It’s an oft-told love story that grows more beautiful in the retelling.
So when Sen. Grace Poe-Llamanzares retold it during her husband Neil Llamanzares’ 50th birthday dinner at the Manila Polo Club last March 6, the guests were all ears just the same even if for sure they have heard it maybe not just once but twice before.
The guest list included mostly the Birthday Boy’s classmates from Xavier’s Batch ’87 whom Neil acknowledged in Mandarin in his thank-you speech at the end of the two-hour dinner.
If memory serves, the Grace-Neil romance has been dramatized in Charo Santos-Concio’s long-running/multi-awarded drama anthology Maalaala Mo Kaya (MMK) and the retelling took on a new significance owing to Neil’s turning Golden Boy.
As Grace recalled, she and a friend saw Neil going down a hill to the tennis court.
“I think he’s cute,” Grace told her friend, “but my type is mestizo and I told her, ‘Sa’yo na lang siya’.” Spoken too soon.
Anyway, when Neil first visited Grace at home, he noted a huge portrait on one wall of the sala. He wondered, “Isn’t that Susan Roces?” Said Grace, “He didn’t even know who my parents were and I loved him even more for that.”
The high-school sweethearts got married early. When they decided to leave for the States, Grace’s dad, Fernando Poe Jr., was very sad and Neil assured him, “I promise you that I will always put food on the table and roof over her head.”
Noted Grace, “Neil has been true to that promise, proving himself to be a good provider, a good husband and a good father to our three children (Brian, Hannah and Nika). Life in the States was difficult at first; we were homesick. Neil lost his job and when he found a new one, he had to commute two hours back and forth. He wanted to prove that he could support a family.”
When FPJ died, the Llamanzares family decided to come home for good, initially so that Grace could keep her mom company.
“The song Home from Wizard of Oz (the musical) perfectly describes the feeling of being home,” said Grace.
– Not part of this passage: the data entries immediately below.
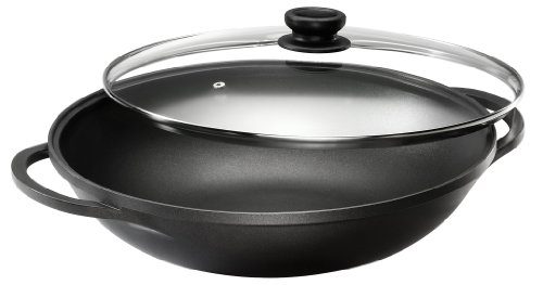 Tipo: wok in alluminio pressofuso per ortaggi, pasta e riso di ogni tipo - incl. coperchio in vetro con bordo in acciaio inox e valvola di sfiato del vapore nonché una vasta gamma di accessori composti da una griglia, una pinza di legno e un paio di bacchette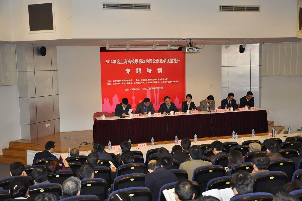 4月7日,2013年度上海高校思想政治理论课教学质量提升专题培训班在我校行政楼报告厅顺利开班。来自上海的近50所高校、140多位高校思想政治理论课骨干教师参加了培训。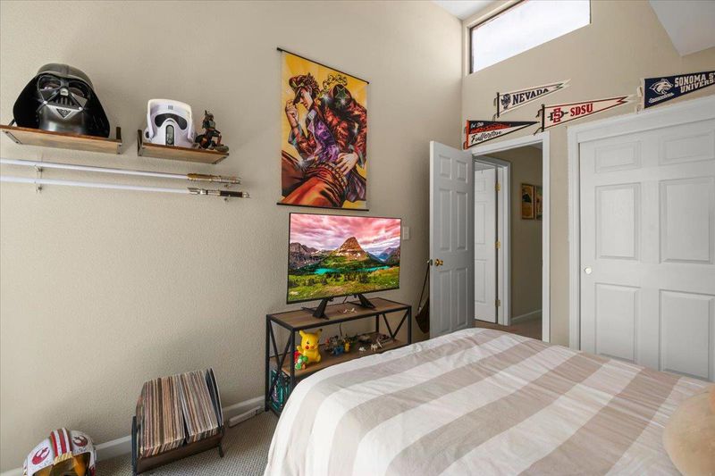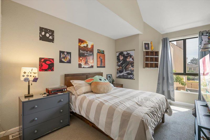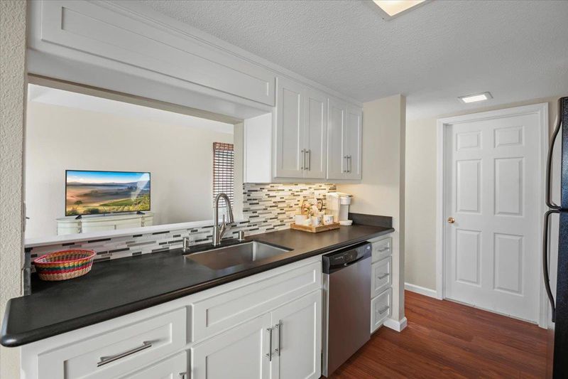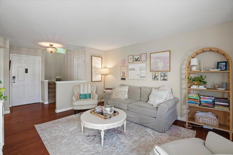 This unit was a builder special. Its a 1,381 sq ft end unit. The additional sq footage is a first level family / bonus room with vaulted ceiling. The updated kitchen has all wood shaker style cabinets and solid granite counters. The backsplash is glass tile. All electric appliances, cooktop, oven, dishwasher, microwave oven with hood exhaust. There is a refrigerator. The living room has a wood burning fireplace. The first level flooring is laminate. There is a1/2 bath powder room with solid stone counter top and vessel sink. Indoor laundry room with washer and dryer included. 3 newer sliding glass doors lead to the garden style patio retreat. 2 upstairs bedrooms with high ceilings. The second level landing area has additional storage. Bathroom has solid stone counter tops. The Forced air heating and air conditioning was recently replaced along with the water heater. There is 1 assigned parking spot at carport and 1 assigned uncovered in gated area.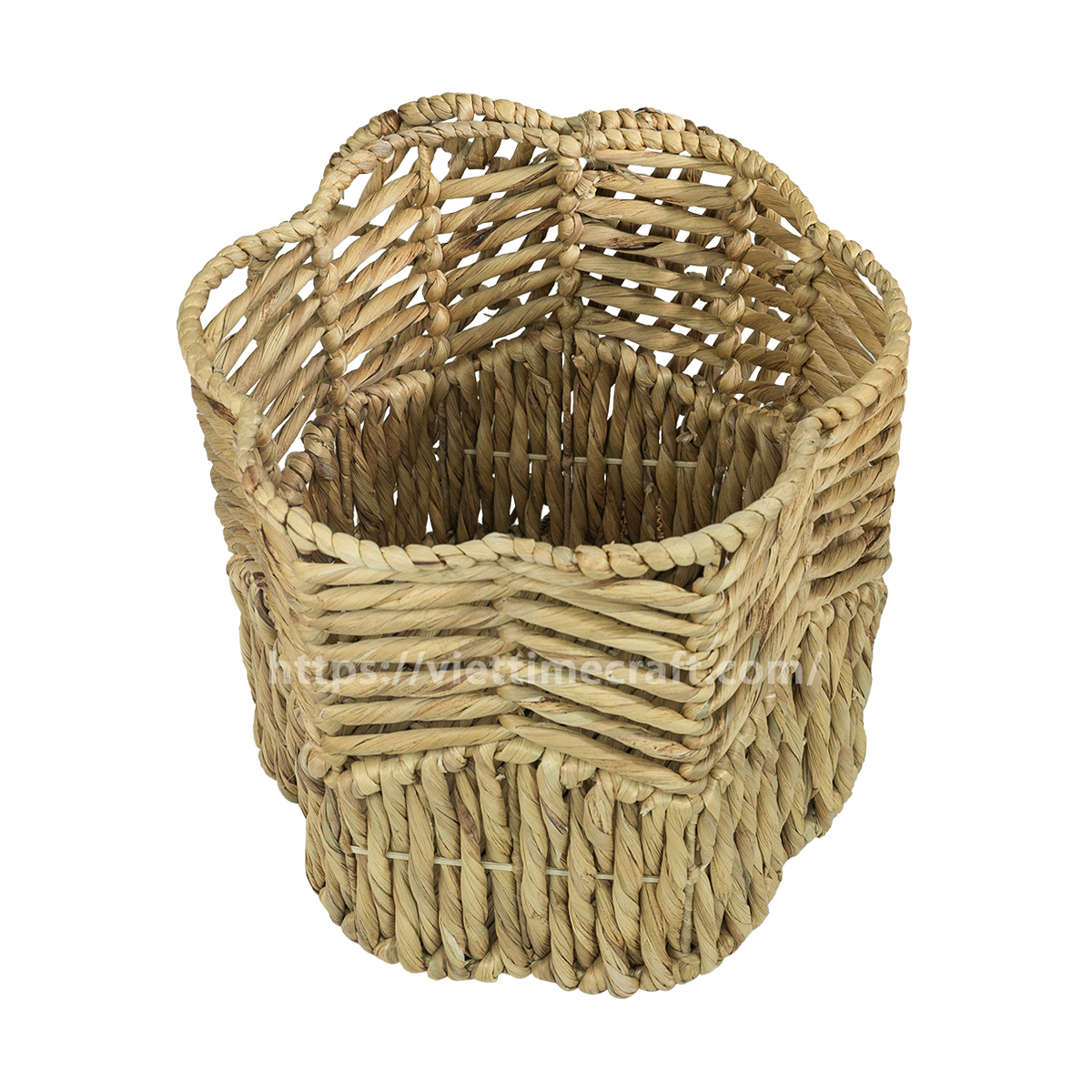 - Designed with both function and beauty in mind, this scalloped wicker basket set offers a wide range of practical applications in modern homes, retail spaces, and hospitality environments. Its neutral tone, natural texture, and lightweight build make it a stylish yet beneficial storage solution.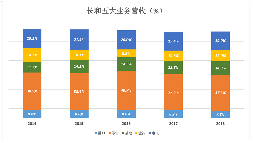 长江和记实业(以下简称长和)旗下业务分为五大板块: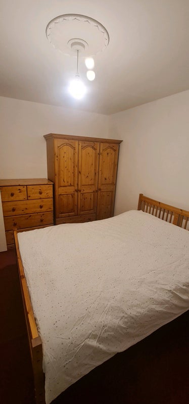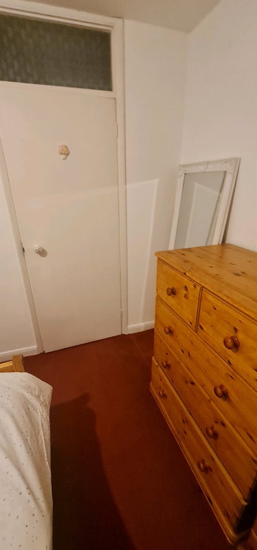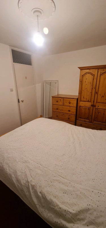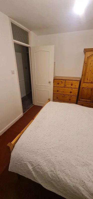 A bright and fully furnished double room available in a spacious 4-bed detached house shared with a live-in landlord. The room comes with a double bed, mattress, side table, chest of drawers, and wardrobe (wardrobe only in the larger of the two double rooms).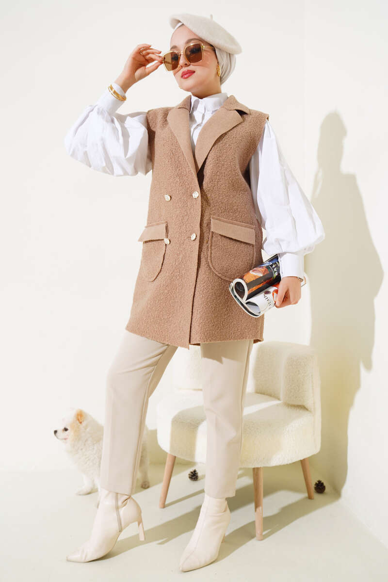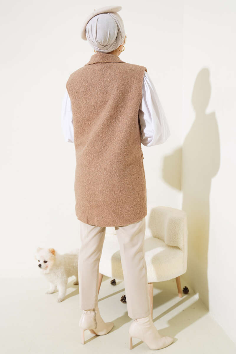 Kruvaze Yaka Düğmeli Buklet Yelek Vizon

The first stanza of the song sung by Diana Ross goes: When I think of home/I think of a place where there’s love overflowing/I wish I was home/I wish I was back there with things I’ve been knowing…
Addressing Neil, Grace continued, “Thank you for taking a backseat to me; you didn’t ask for the career that I have now, not minding the loss of privacy. Thank you for not leaving me.” That moved the guests into giving the couple a warm applause.
In his own quiet way, Neil worked to the level that, as Grace put it, “he deserved to be.” Neil studied Masters in Management Information at George Washington University and served in the US Air Force.
In his speech, Neil acknowledged his parents, Drs. Teddy and Carol Llamanzares, and Grace’s parents whom he described as “The King and Queen of Philippine Movies,” and, addressing Susan, said, “Thank you for giving me 28 years ago the greatest gift, the greatest treasure of my life.” They have raised beautiful children, well-mannered and, in Neil’s word, “decent.”
It was Brian who hosted the program with Alex Gonzaga. Hanna and Nika dedicated the song Buwan to their father.
Toward the end of his speech, Neil noted that “the future is so bright,” and proceeded to put on dark glasses, (to avoid being “blinded” by that brightness), prompting the guests to break into another warm applause.
Earlier, Grace and their children dedicated the song The Wonder of You to Neil who capped his speech with a heartfelt rendition of the Spandau Ballet song Round and Round — you know: Round and round it goes/And oh don’t you know/This is the game that we came here for/Round and round it goes/And oh don’t you know/You’re just my fantasy and I will fantasize/I wanna be your magical mystery/I wanna be your final history/This is the news of my life…
Grace should have the final say.
“There are two halves in a couple. Neil is the better half.”